DATA SHOWN:
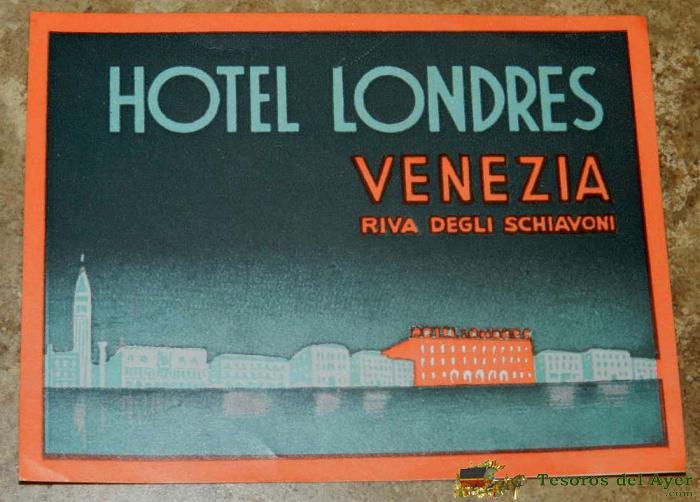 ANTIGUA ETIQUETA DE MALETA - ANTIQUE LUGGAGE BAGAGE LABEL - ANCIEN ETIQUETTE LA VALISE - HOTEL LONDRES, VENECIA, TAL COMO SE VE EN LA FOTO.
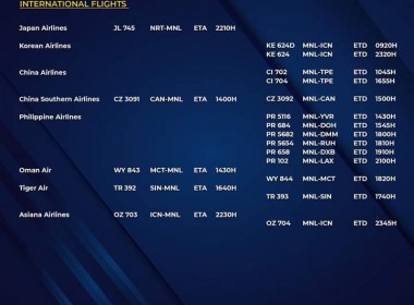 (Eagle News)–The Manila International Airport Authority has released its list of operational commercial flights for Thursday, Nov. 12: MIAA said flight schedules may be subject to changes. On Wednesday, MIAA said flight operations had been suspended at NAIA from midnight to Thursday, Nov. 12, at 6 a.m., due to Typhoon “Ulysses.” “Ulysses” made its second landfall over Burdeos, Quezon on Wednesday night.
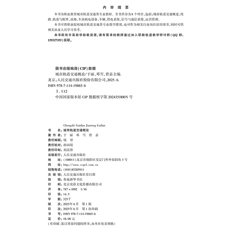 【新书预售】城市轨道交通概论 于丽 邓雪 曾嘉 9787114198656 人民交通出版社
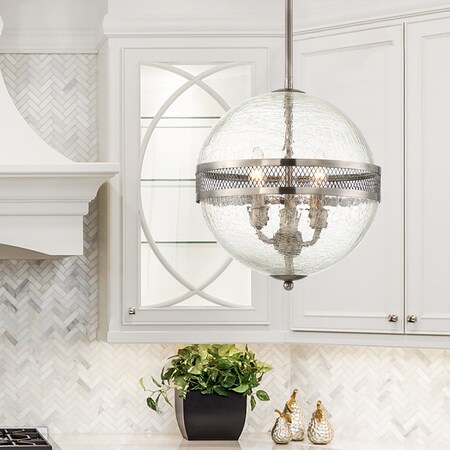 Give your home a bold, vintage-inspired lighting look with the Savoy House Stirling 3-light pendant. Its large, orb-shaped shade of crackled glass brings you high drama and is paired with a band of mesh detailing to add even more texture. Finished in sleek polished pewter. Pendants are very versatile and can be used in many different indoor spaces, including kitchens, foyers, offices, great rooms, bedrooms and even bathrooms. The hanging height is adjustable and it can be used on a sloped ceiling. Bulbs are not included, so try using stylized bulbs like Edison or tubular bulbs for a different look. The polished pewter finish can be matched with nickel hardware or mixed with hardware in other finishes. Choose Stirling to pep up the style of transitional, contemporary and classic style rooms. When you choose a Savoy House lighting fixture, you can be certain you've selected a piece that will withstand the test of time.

* * *

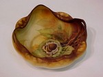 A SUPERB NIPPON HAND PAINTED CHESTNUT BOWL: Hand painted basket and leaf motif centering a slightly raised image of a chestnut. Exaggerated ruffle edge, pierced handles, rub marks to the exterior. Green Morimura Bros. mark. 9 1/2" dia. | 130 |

DIRECTIONS:
Produce an exact reproduction of the listing above, limited to the lines starting at the line with "ANTIGUA ETIQUETA DE" and ending at the line with "曾嘉 9787114198656 人民交通出版社", both kept, with every picture left out.

FINAL ANSWER:
 ANTIGUA ETIQUETA DE MALETA - ANTIQUE LUGGAGE BAGAGE LABEL - ANCIEN ETIQUETTE LA VALISE - HOTEL LONDRES, VENECIA, TAL COMO SE VE EN LA FOTO.
 (Eagle News)–The Manila International Airport Authority has released its list of operational commercial flights for Thursday, Nov. 12: MIAA said flight schedules may be subject to changes. On Wednesday, MIAA said flight operations had been suspended at NAIA from midnight to Thursday, Nov. 12, at 6 a.m., due to Typhoon “Ulysses.” “Ulysses” made its second landfall over Burdeos, Quezon on Wednesday night.
 【新书预售】城市轨道交通概论 于丽 邓雪 曾嘉 9787114198656 人民交通出版社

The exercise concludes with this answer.